The first line of defense for almost every organization is typically the system administrator. This is the person that actively interacts with the company network on a daily basis, and by extension has intimate knowledge of it. So it stands to reason that this person would hopefully be the first to notice any signs of possible compromise would it not? Sadly that is often not the case. Whether it is due to a lack of IT Training, complacency, or laziness is anyone’s guess.
Several of the company networks that I have been involved with have the same story. All of them have been compromised by exploits, which have been out in the wild for some time. In other words a patch for the exploit has been released and is available. Why then did the system administrator not go out and download then install this patch? Surely it cannot be ignorance? A system administrator is a knowledgeable person who has specialized knowledge. If they can successfully administer a large LAN composed of hundreds of users and a dozen servers what is the issue then?
I’m too busy!
One possible issue is that the administrator is simply too busy. Though as I am sure they will admit it is easier to simply go to the vendor site and get the patch then it is to rebuild an entire machine. This is especially so if it is one of your critical servers. That also begs the question of: does the sys admin regularly check that the backups actually work? Should the worst happen and you are compromised does your backup actually have what it is supposed to have? Nothing is worse then finding out your backup plan actually doesn’t work. Rather imperative I would think that you would need to verify the integrity of your restoration media. Few and far between are the admins that actually do check their backups in my experience. An unacceptable lapse indeed, but a reality nonetheless.

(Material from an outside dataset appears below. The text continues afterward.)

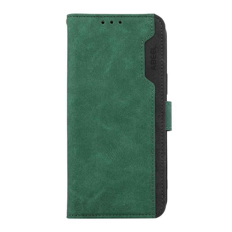 Θήκη τηλεφώνου δερμάτινη με μαγνητικό κλείσιμο και προστασία RFID για Motorola Moto G55 5G ABEEL, με σχέδιο Color Block (Ροζ-Κυανό)

A key theme that I have been building upon here is that a lot of responsibility lies upon the shoulders of the admin. All too often though for a variety of reasons the admin comes up lacking. What do you do then to remedy that situation? For me it would be an easy fix. How about building in accountability into the system administrator’s job description when they sign on with you? This to me would be the simplest solution, as it would force accountability upon the admin. Not only that but you also hold a hammer over their heads should they not perform their duties as expected. After all this isn’t kindergarten anymore, and we all have duties to discharge with an expected level of professionalism.
Is the admin really to blame?
So we have a problem in that time and again the system administrator has been proven to be at fault. Not only at fault but, on a matter so centric to their jobs that it really does boggle the mind. Why didn’t they download that vendor patch! Anyone can harp about a problem, however it is preferred if one also gives a possible solution. With that in mind, this is how I would go about ensuring that my front line people are indeed doing their jobs properly. After all, patching the operating system you are running is very much a system administration job.
Once a suitable candidate has been found for your vacant system administrator position you need to go over their list of duties. This is something that needs to be written down on paper so that later on there is no room for misunderstanding. Included in this job description is that they will check the vendor site on a daily basis for any patches, or other operating system information. The same should be included for any other third party applications they will need to maintain. All said and done that is an excellent policy to have, and furthermore is one many companies have. So why then do we keep seeing these very same companies having problems with old exploits? Human nature, being what it is, laziness creeps in, and the vendor site is no longer being checked. That or a box is rebuilt and the sys admin puts it back on the network with no patches, as they will install them in a second or two.
If I had a nickel…
I don’t know how many times I have heard this when the admin in charge is queried after the fact while an incident is investigated. “Geez it was only on the network for a minute or two!” No one really expects the sys admin to be a security guru but certain fundamental practices must be observed. One of those is to have all those patches on a cdrom so that the rebuilt machine can be patched offline. Much like the admin checking on a daily basis for newly released system patches. It’s just good business after all.
So to wrap up all of the above verbiage, what should one do to ensure the sys admin is staying on top of patches? Well simply put, I would have a sheet where the sys admin would need to sign off on. That person’s signature would attest to their having verified the vendor site for patches each and every day. Not only that but I would personally have them checking out the mailing lists as well on a daily basis. This would help give them situational awareness as it impacts them and their network. With that in mind if the sys admin has indeed signed off on that sheet and the company is compromised because of an old exploit then the answer is simple. You’re fired!
Many of you system administrators out there may find this rather harsh. The reality of it is that there is little to no accountability for system administration. Unless the step of having the new network admin sign a job description has been taken, there is precious little in the way of known punitive steps management can take. In many companies it would still be considered a firing offence for having forgotten, or outright neglected to patch company servers. There are many good admins out there today, but a great deal more need to become far more proactive in their duties. One of the most vital ones being to keep the software up to date patch wise.